Here is a realistic incoming ticket and the output from the pipeline.

```
ticket = "API keys rotated this morning and now all requests return 401 Unauthorized."

priority, reply = process_ticket(ticket)

print(f"Predicted priority: {priority}")
print("---")
print(reply)
```

Example output:

```
Predicted priority: high
---

We see you are hitting authentication failures after a key rotation.

Priority: high. This matches previous high-priority incidents involving verification and access issues.

Action: Please verify that your integration is using the newly issued key format. Refer to the resolution for webhook signatures fail verification to adjust your header calculation and ensure the HMAC-SHA256 code sample is applied correctly.
```

This pipeline shows how to treat an LLM as one component in a broader ML system rather than a monolithic black box.

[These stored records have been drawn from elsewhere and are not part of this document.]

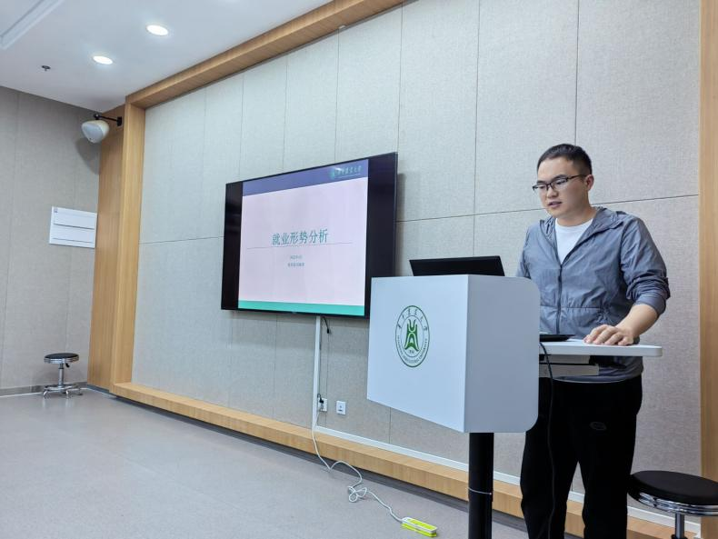 刘涵斐提出了“慢就业”的概念,并向大家分析了“慢就业”会带来的影响,例如其可能会造成待业时的心理压力、影响企业对于非应届毕业生的接受度、导致出现越来越激烈的就业竞争压力等等。随后,刘涵斐还分析了我院18级同学的考研、考公、就业情况,并指出,年年都是“史上最难就业季”,而更难的往往是下一年,他希望大家在任何岗位上都要始终保持一颗上进、学习的心,多给自己的未来留一些选择,不要孤注一掷。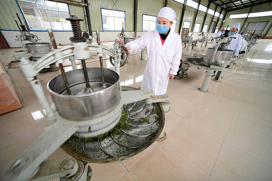 Yang watches over tea leaves placed in a processing machine. [Photo by Yang Ying/Xinhua]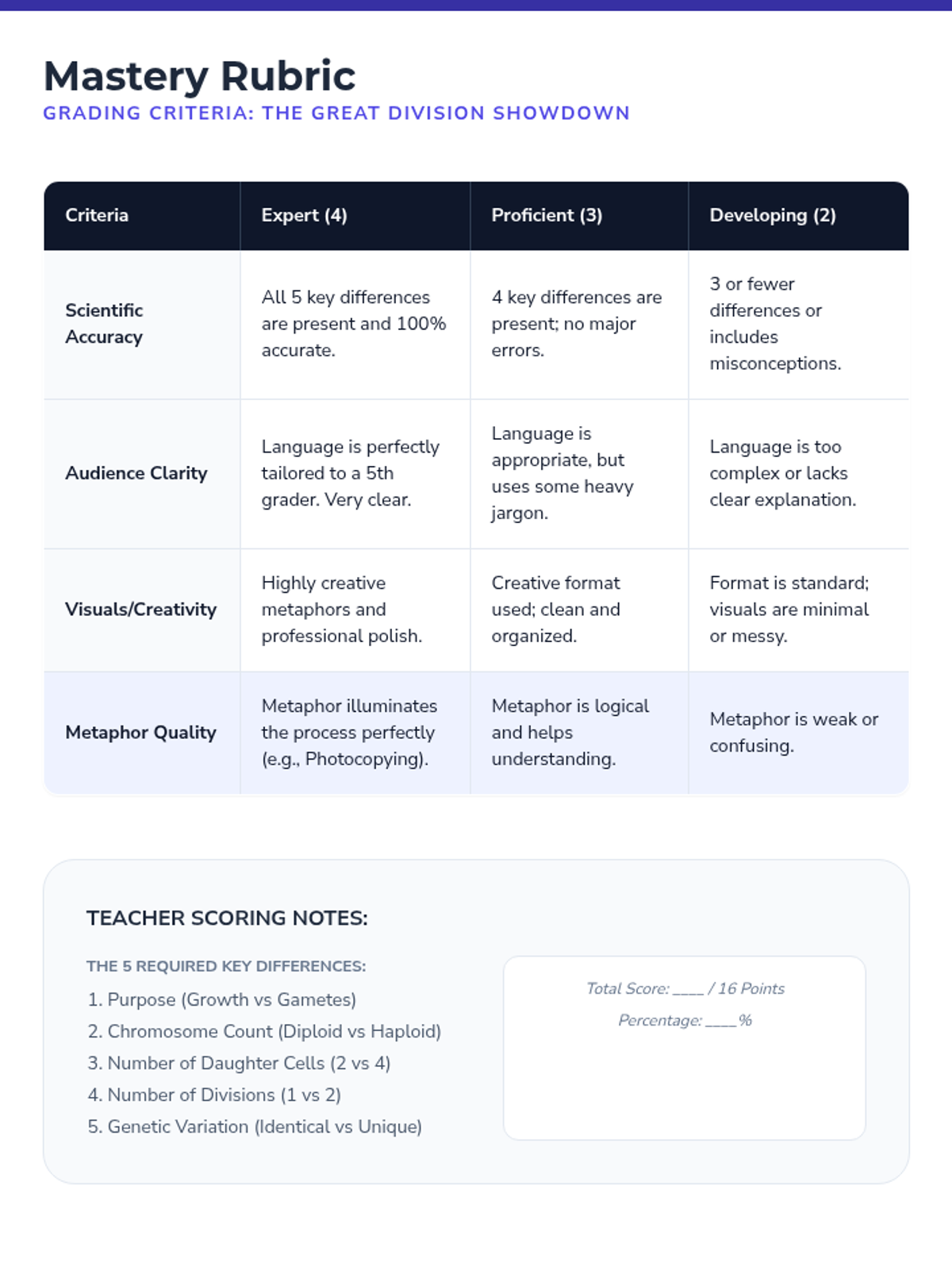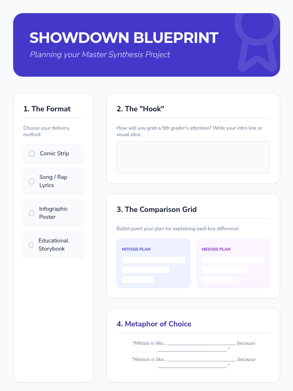 Students synthesize their learning by creating a final creative project that explains the differences between mitosis and meiosis to a younger audience.

Oxlo.ai simplifies the architecture because embeddings and chat completions share one endpoint and one request-based pricing model, which keeps costs predictable when you scale to thousands of tickets. A concrete next step is to replace the random forest with a fine-tuned classifier hosted on Oxlo.ai, or stream the generated replies into a Slack webhook for real-time triage.